JAKARTA - Lulusan SMA Indonesia tidak bisa diterima di Universitas Belanda. Pasalnya, Ijazah SMA Indonesia levelnya tidak setara dengan Dutch pre-university education, yaitu program pendidikan yang mempersiapkan siswa untuk masuk ke Perguruan Tinggi di Belanda.
“Sejak tahun 2020, Surat Keterangan Hasil Ujian Nasional tidak ditawarkan lagi. Universitas Twente berdiri di dekat penerimaan yang disebutkan di atas persyaratan, yang berarti saja siswa yang lulus sampai tahun 2020 adalah mungkin dapat diterima. Siswa lulus sejak tahun 2020 dengan pendidikan menengah ijazah dari negara ini tidak bisa diterima langsung karena levelnya tidak setara dengan Dutch pre-university education,” demikian dilansir dari laman resmi University of Twente, Selasa (24/9/2024).
Content Creator Irwan Prasetiyo pun menerangkan bahwa lulusan SMA sudah tidak bisa diterima langsung di berbagai universitas di Belanda.
“Maka para lulusan SMA Indonesia setelah Tahun 2020 udah enggak bisa lagi diterima langsung di sana, hal ini karena tingkat pendidikan SMA kita udah enggak dianggap setara lagi dengan SMA Belanda, dan ini terjadi enggak cuma di Uni Twente aja, tapi juga di sebagian besar Universitas-Universitas Belanda,” tulis Irwan dalam postingan di akun Instagram miliknya.
Irwan menilai bahwa Ijazah SMA Indonesia dianggap turun kelas. Ijazah SMA Indonesia hanya bisa digunakan untuk mendaftar di Hogeschool atau University of Applied Science.
“Karena Ijazah SMA kita dianggap turun kelas dan jadinya cuma bisa dipakai buat daftar di Hogeschool atau University of Applied Science,” ungkap Irwan Prasetiyo.
Persyaratan untuk kuliah di luar negeri juga semakin diperketat, contohnya adalah di Jerman. Di Jerman, persyaratan masuk Studienkolleg dinaikkan untuk lulusan SMA Indonesia dari yang sebelumnya memikiki nilai minimum 60 menjadi minimum 85. Studienkolleg yakni program yang perlu di ikuti oleh tiap Siswa dari berbagai belahan dunia sebelum kuliah di Jerman.
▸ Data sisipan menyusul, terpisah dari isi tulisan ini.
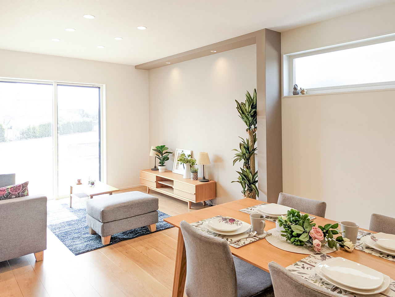 上質感を高める間接照明や、明るく開放的な窓が印象的なLDK
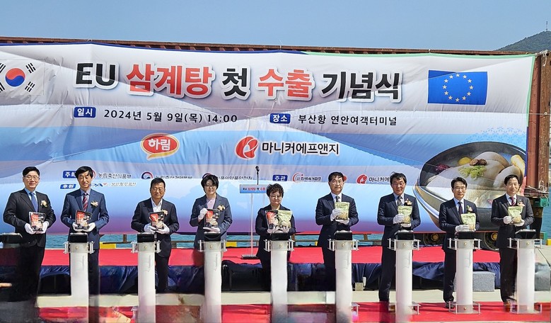 [세계타임즈 = 이현진 기자] 한국농수산식품유통공사(사장 김춘진)는 9일 부산항 연안 터미널에서 열린 EU 수출 삼계탕 첫 선적 행사에 참여하고, 삼계탕 등 국산 열처리 가금육의 유럽 시장 공략을 위해 홍보·판촉 등 다양한 마케팅 사업 추진에 나선다.

“Di Jerman pun ternyata juga sama ya, persyaratan masuk Studienkolleg buat lulusan SMA Indonesia juga di naikkan dari yang sebelumnya nilai minimum 60, sekarang jadi minimum 85,” kata Irwan Prasetiyo
Irwan Prasetiyo juga mengatakan dalam postingan yang sama bahwa negara luar memperhatikan Indonesia suka berganti kurikulum. Irwan Prasetiyo juga mengajak audiens untuk menginterpretasikan kualitas SMA di Indonesia turun atau naik kelas.
“Jadi jangan di anggap negara luar engga merhatiin kalau kita suka gonta ganti kurikulum ya, kenyataannya mereka tahu dan bisa di interpretasikan sendiri apa mereka menganggap kualitas pendidikan SMA kita naik kelas atau justru turun kelas,” ungkap Irwan Prasetiyo.
Di akhir postingannya, Irwan Prasetiyo menyarankan Indonesia untuk menggunakan rumus orang Tiongkok dan Korea. Irwan Prasetiyo tidak menyarankan untuk menggunakan rumus orang Finlandia.
“Harusnya kita pakai rumusnya orang Tiongkok dan Korea ya, kalau memang masih merasa miskin dan bodoh ya berarti belajarnya harus dua, lima, dan bahkan sepuluh kali lipat lebih keras, dari belajarnya orang normal, jangan kalau kita masih miskin dan bodoh tapi malah niru rumusnya orang Finlandia yang udah mapan dan waktu belajarnya cuma setengah orang normal,” kata Irwan Prasetiyo.